Dividend Aristocrats: Canadian Stocks That Keep Paying Year After Year

dividends grow over time

The S&P/TSX Composite Index was down 41 points in early afternoon trading on June 7. A Canadian Dividend Aristocrat is a stock that has delivered at least five consecutive years of dividend growth. Today, I want to zero in on three Canadian stocks that qualify as Dividend Aristocrats at this stage in 2023. Let’s dive in.

This Dividend Aristocrat has delivered over 20 straight years of income growth

TC Energy (TSX:TRP) is the first Canadian stock I’d target for its impressive dividend-growth streak. Shares of this energy stock have dropped 1% month over month at the time of this writing. The stock is up 4.2% so far in 2023.

This company released its first-quarter fiscal 2023 earnings on April 28. TC Energy reported net income of $1.3 billion, or $1.29 per common share — up from $0.4 billion, or $0.36 per common share, in the previous year. Meanwhile, the company reaffirmed its comparable earnings before interest, taxes, depreciation, and amortization (EBITDA) growth rate, which it expects to be 5-7% higher than the prior year.

Shares of this Canadian stock currently possess a middling price-to-earnings (P/E) ratio of 34. This stock currently offers a quarterly dividend of $0.93 per share. That represents a tasty 6.6% yield. TC Energy has delivered 22 straight years of dividend growth.

Here’s a top Canadian stock in the telecom space you can trust for the long haul

BCE (TSX:BCE) is a Montreal-based communications company that provides wireless, wireline, internet, and television services to residential, business, and wholesale customers in Canada. Its shares have dropped 4.7% month over month as of early afternoon trading on June 7. The stock is up 1.6% in the year-to-date period.

Investors got to see BCE’s first-quarter fiscal 2023 results on May 4. The company delivered operating revenue growth of 3.5% to $6.05 billion. Meanwhile, adjusted net earnings dipped 4.8% year over year to $772 million.

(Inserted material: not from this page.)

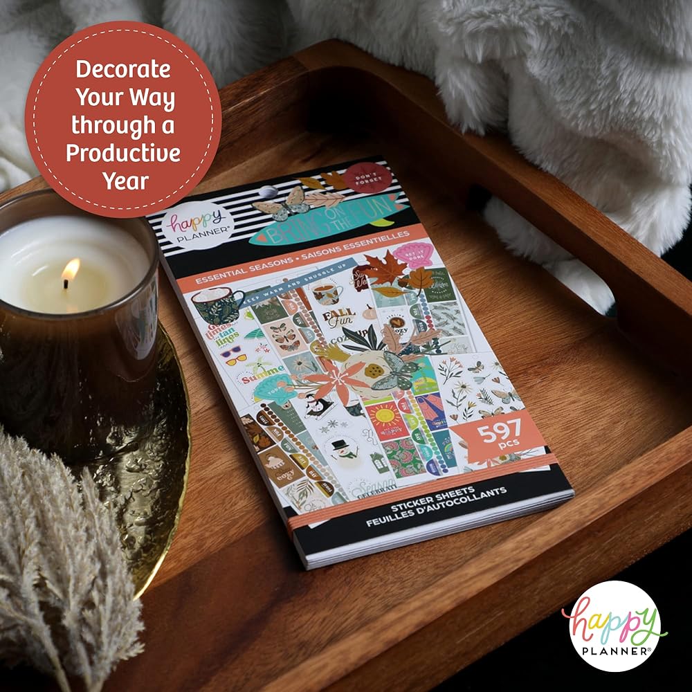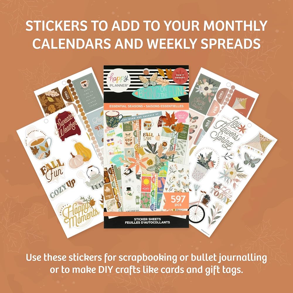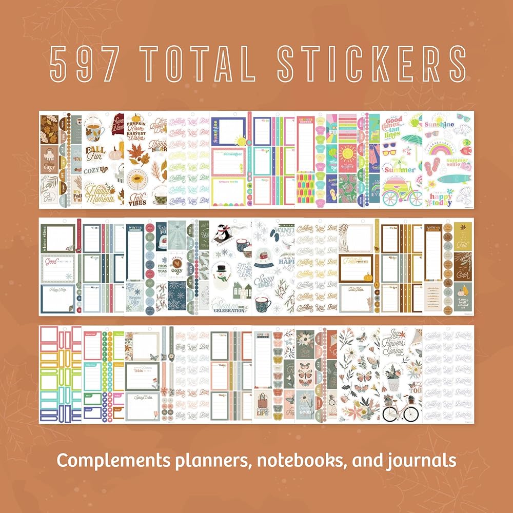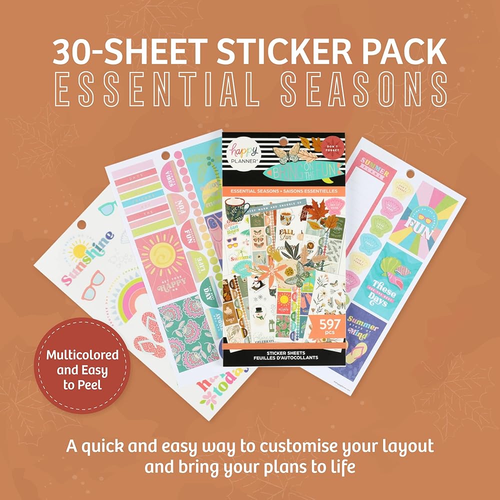 لوحة ملصقات مخططة سعيدة: احتفل بالمواسم والجمال الذي يأتي معها مع مجموعة ملصقات المواسم والاحتفالات هذه. تتضمن مجموعة الملصقات ذات القيمة الإضافية الخاصة بنا 30 ورقة و597 ملصقًا موسميًا لأي مخطط أو دفتر ملاحظات بالحجم الكلاسيكي.

BCE reported adjusted earnings before interest, taxes, depreciation, and amortization (EBITDA) of $2.53 billion — down 1.8% compared to the first quarter of fiscal 2022. Despite the dip in earnings, BCE still achieved strong net subscriber additions, device net activations, and higher wireless service revenue.

This Canadian stock last had a solid P/E ratio of 21. BCE currently pays out a quarterly distribution of $0.968 per share, which represents a very strong 6.3% yield. The stock has achieved dividend growth for 14 consecutive years.

Scotiabank: A top Canadian stock that is also a Dividend Aristocrat

Scotiabank (TSX:BNS) is the third Canadian stock that qualifies as a Dividend Aristocrat that I want to focus on today. This top Canadian bank has seen its stock dip 1.4% over the past month. Its shares are still up 1.7% in the year-to-date period. Investors can see how volatile this bank stock has been by playing with the interactive price chart below.

In the second quarter of 2023, Scotiabank reported adjusted net income of $2.17 billion — down from $2.76 billion in the second quarter of fiscal 2022. Shares of this bank stock currently possess an attractive P/E ratio of 9.8. Meanwhile, it offers a quarterly dividend of $1.06 per share, representing a 6.3% yield. Scotiabank has delivered 12 straight years of dividend growth.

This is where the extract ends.